Within the broader idea of womanism, a new perspective called “ratchet womanism” has emerged. “Ratchet” has its roots in Louisiana. Anthony Mandingo’s “Do the Ratchet” (1999) and Lil Boosie’s 2004 remix popularized the term to evoke joy and fun in song and dance, and ultimately it became a term used by the black southern community to resist respectability norms. Walker, who is originally from south Georgia, offered a prelude to the ratchet womanist identity in 1979 when she described its characteristics as exhibiting “willful, courageous, and outrageous behavior that is considered to be beyond the scope of societal norms.” Ratchet womanism, then, encourages women and girls of color to stand out no matter where they are from — to resist any policing or judgment of the ways in which pleasure, pain, and hustle are expressed.
Consider as an example Queen Latifah’s “Ladies First," arguably hip-hop’s first womanist anthem. Listen to MC Lyte’s “I Cram to Understand U,” a love letter to her beau who fell victim to crack-cocaine during the drug war. Think of Beyoncé’s verse on “BLACK EFFECT” when she raps, “I pull up like the Freedom Riders, hop out on Rodeo. Stunt with your curls, your lips, Sarah Baartman hips.” Through the lens of ratchet womanism, there is room for the fast-paced lyrical boasting of MC Sha-Rock and the high-pitched assaults of Roxanne Shante. The New Orleanian trap rap of Mia X can co-exist with the rugged rawness of gangsta rap’s Lady of Rage, the magnetic sing-rapping of Lauryn Hill with the bad-bitch demands of Miami’s Trina. All reveal a spectrum of intersectionalities that women MCs expreHow ss across geographic region, sexual identity, and linguistic diversity. And City Girls is the latest act to put their spin on ratchet womanism.
Caresha “Yung Miami” Brownlee and Jata “JT” Johnson are two under-30 women from Miami’s Opa-locka and Liberty City neighborhoods.
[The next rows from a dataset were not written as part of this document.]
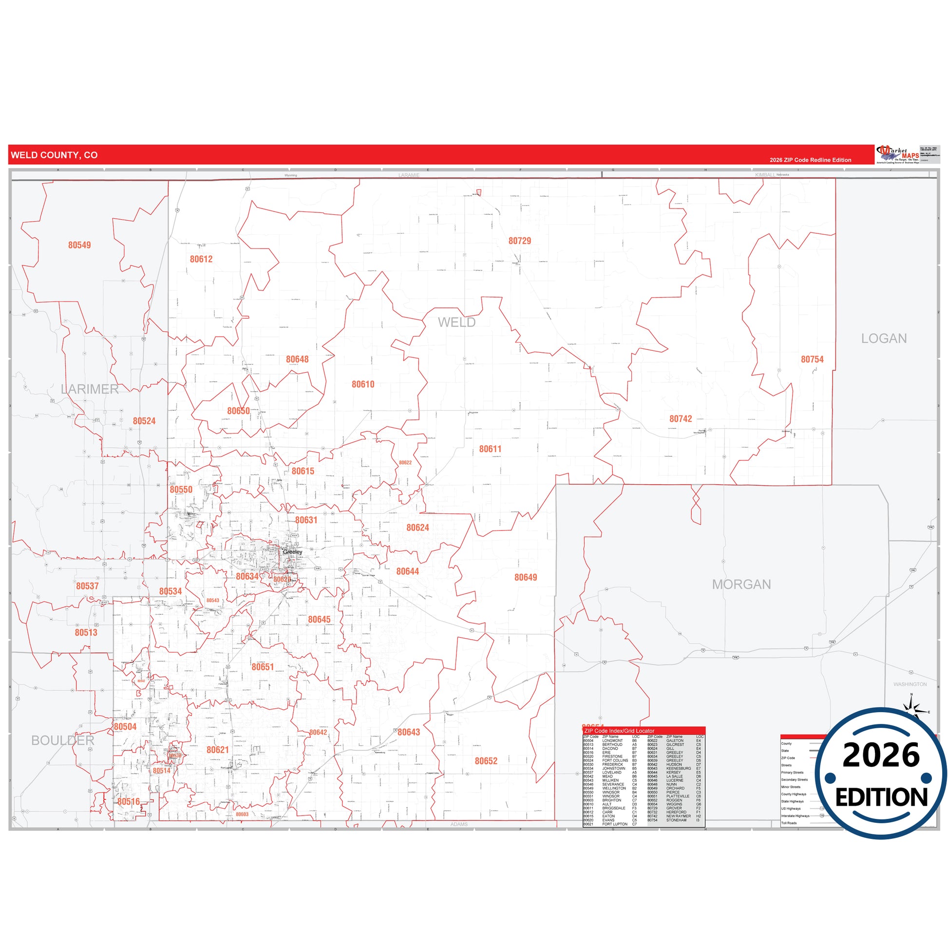 The RedLine Style map of Weld County, CO shows ZIP code areas overlaid on a detailed road network of Weld County, Colorado. Ideal for drawing locations, territories, and other applications. Base map features include all major streets and highways labeled, cities and towns, county and state boundaries, neighborhood names, railroads, and a clean white background suitable for marking and planning.
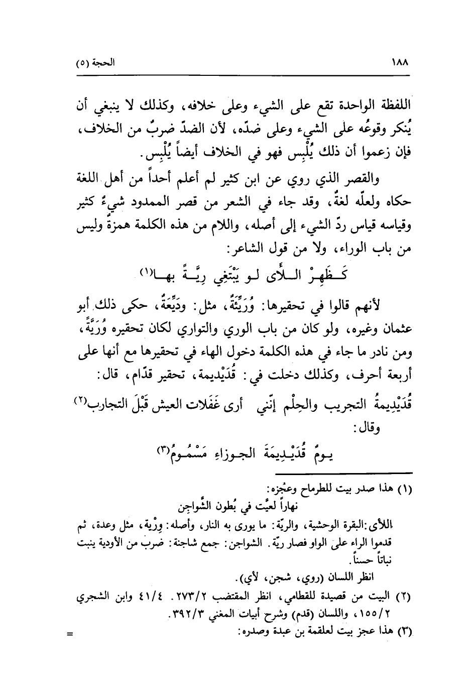 كظهر اللأى لو يبتغي ريّة بها «1» لأنهم قالوا في تحقيرها: وريئة، مثل: وديعة، حكى ذلك أبو عثمان وغيره، ولو كان من باب الوري والتواري لكان تحقيره وريّة، ومن نادر ما جاء في هذه الكلمة دخول الهاء في تحقيرها مع أنها على أربعة أحرف، وكذلك دخلت في: قديديمة، وتحقير قدّام، قال:
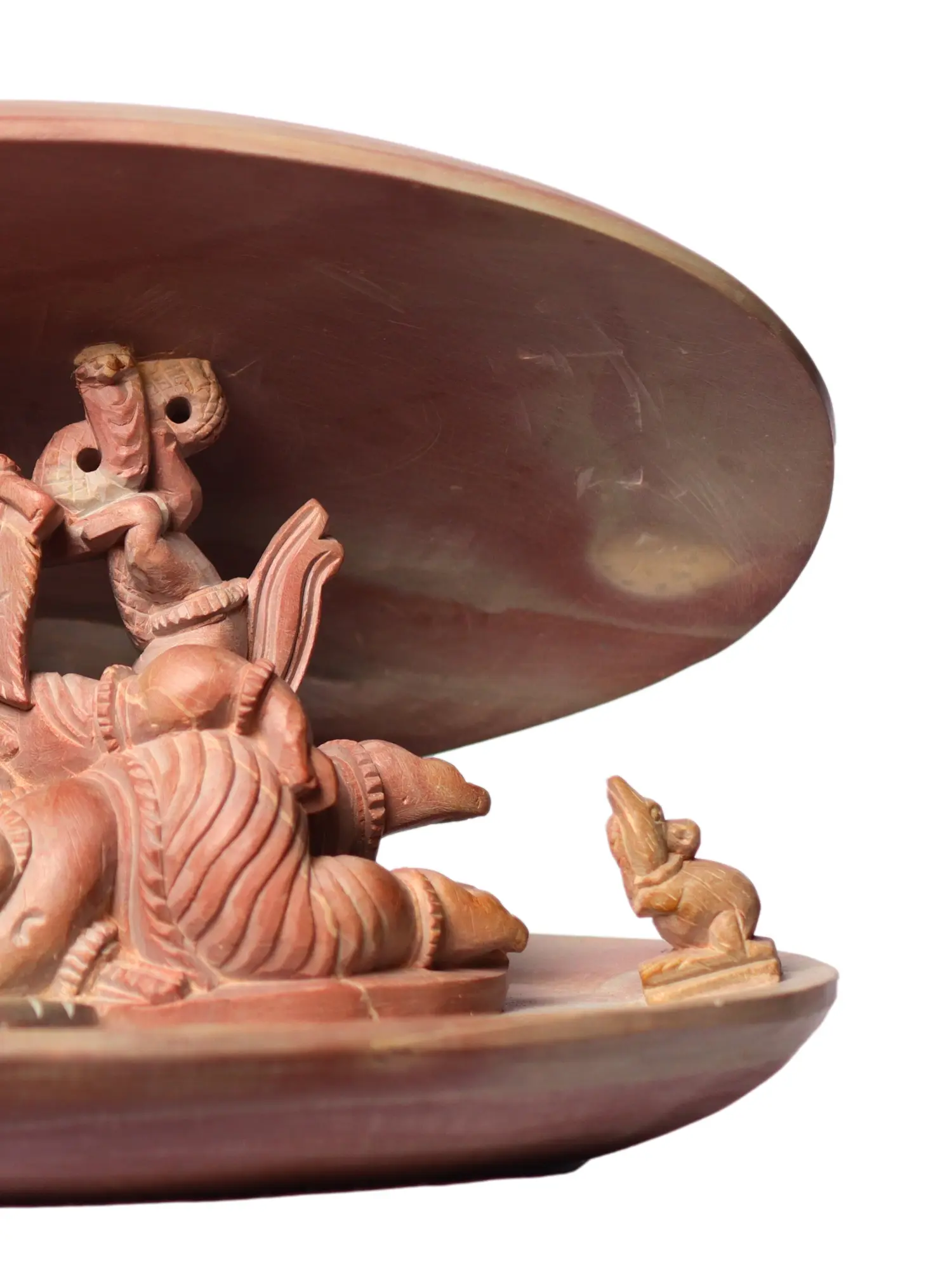 The inspiration for this artwork likely draws from the rich tapestry of Hindu mythology. Ganesha, the Remover of Obstacles and the patron of arts and sciences, is revered across India. His serene reclining posture suggests a moment of deep meditation or perhaps a well-deserved rest after vanquishing a cosmic challenge. The protective shell can be interpreted in various ways – as a cosmic egg from which creation emerges, a symbol of the universe itself, or a safe haven offering solace and protection. The presence of his vahana, the mouse, often depicted as eager and attentive, subtly emphasizes Ganesha's approachable nature and his ability to connect with even the smallest of beings. ––––––––––––––––––––

In just a couple of years, they’ve amassed a generation of followers through features and releases that encourage young women to boss up on opportunities and embrace the power of their sexuality in an ecosystem dominated by men. Just listen to “Where the Bag At” — a raunchy, rebellious anthem that sardonically reinforces the lesson that a man is still required to financially complement a woman who has her own money, house, and car.
With their lyrical focus on sex and money, it would be easy to passively categorize City Girls as Dupri did Cardi B and Megan. But that would entirely discount how their ratchet womanist perspective — balanced by their unfailing sense of sisterhood — sets them up to be a landmark, multifaceted group in the long history of women MCs. It’s been 30 years since Salt-N-Pepa did something similar — 30 years! I’m hopeful that as the culture moves into a new decade, women MCs like them will gain more opportunities to enjoy their careers in ways that elevate other women — and allow them to express themselves without penalty.